A man who has suffered with a rare condition that turns his urine blue, purple or black since he was born has spoken about his lifelong mystery - only solved when he got a diagnosis aged 53. Tony 65, from Bridgend in Wales has detailed his condition as part of a new national campaign, called This Is Rare.
Tony has Alkaptonuria (AKU), also known as black bone or black urine disease. It causes severe, early-onset osteoarthritis. Despite showing symptoms since he was a baby, including purple/blue-ish colour urine in his nappies, Tony wasn’t diagnosed with AKU until he was 53 years old.

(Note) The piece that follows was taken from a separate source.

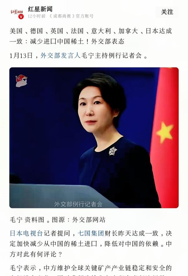 这事儿暴露G7内部不齐心,美国和欧盟在北约框架下还闹矛盾,谈什么联合抵抗?中国没把稀土当武器用,一直强调稳定供应链,但日本言论越线,北京就用制度手段护权益。毛宁一月十三号记者会上回应G7声明,说中方维护全球矿产链稳定,各方都有责任,别双标。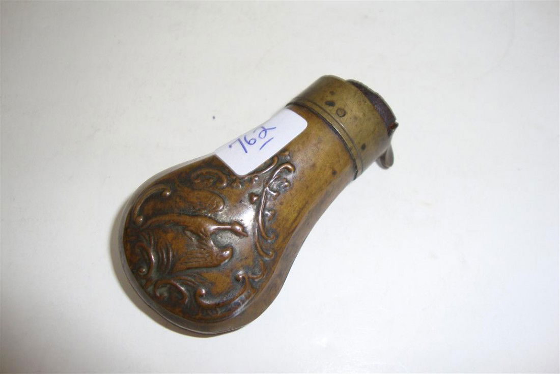 18TH C. BIRD DECORATED GUN POWDER FLASK

A combination of missed opportunities and lack of AKU awareness prevented him from receiving an earlier diagnosis. Tony has found living with AKU challenge at times. Symptoms vary they and have significantly impacted Tony’s professional life.
He lost his career at the age of 40, then went on to university and retrained as a primary school teacher. Over the years his symptoms got worse making it difficult to cope in work and at home. The main issues he had to contend with were increasing mobility, pain, breathing and lifting issues and extreme exhaustion.
He also managed, with support to care for his wife who was terminally ill and his sister who had Down’s Syndrome and dementia. The school and occupational Health were supportive but eventually he had to give in and finish work through ill health. Tony is a patient advocate for AKU and has worked to get clinical trials available for patients in Wales.
To mark Rare Disease Day, healthcare company Sanofi has collaborated with rare disease patients and charities to launch This is Rare, a campaign which puts the voices of the rare disease community centre stage in the call for greater recognition, awareness and advocacy for the rare disease community.
Taking inspiration from the empowerment song 'This is Me', patients, charities and health professionals came together to record at Abbey Road Studios to share their experiences through song under the guidance of world-famous vocal coaches and presenters, Carrie and David Grant MBEs.
This is Rare puts the voices of the rare disease community centre stage in the call for greater recognition, awareness and advocacy for the 1 in 17 people affected by a rare disease in the UK.
Carrie and David Grant said: "We're thrilled to be part of this inspiring project which aims to unite the rare disease community through the power of music. Raising awareness for people living with a rare disease remains a very important task. We are delighted to be shining a spotlight on the experiences of those involved, who are standing up proudly and saying this is Rare, this is Me.”
1 in 17 people will be affected by a rare disease at some point in their lives. This amounts to 3.5 million people in the UK. This is Rare aims to raise awareness of the individuality of rare diseases but the collectively common impact. It seeks to highlight the need for greatest recognition, timely diagnosis and appropriate and equitable access to care. At present, people with a rare disease in the UK might see five different doctors and be misdiagnosed three times before they get the diagnosis they need.
Patient organisations and communities provide invaluable support to those who use their services or participate in their networks. Through connecting with others also affected by a rare disease, feelings of isolation can be reduced, individuals can feel empowered, and families can feel better supported. This is Rare has brought members of the community together to provide a space where they can convey what rare disease means to them and elevate their voices through connection and the power of music.
Ben Whitehouse, Head of Rare Diseases, Sanofi UK and Ireland said: “At Sanofi, we're committed to creating fulfilling futures for extraordinary people. No matter how rare their condition. By focusing on these uncommon and underserved medical conditions, we want to empower the lives of patients with rare diseases by developing and introducing new treatments, as well as providing support that extends beyond our medicines, to deliver our vision for Better Care for Rare.”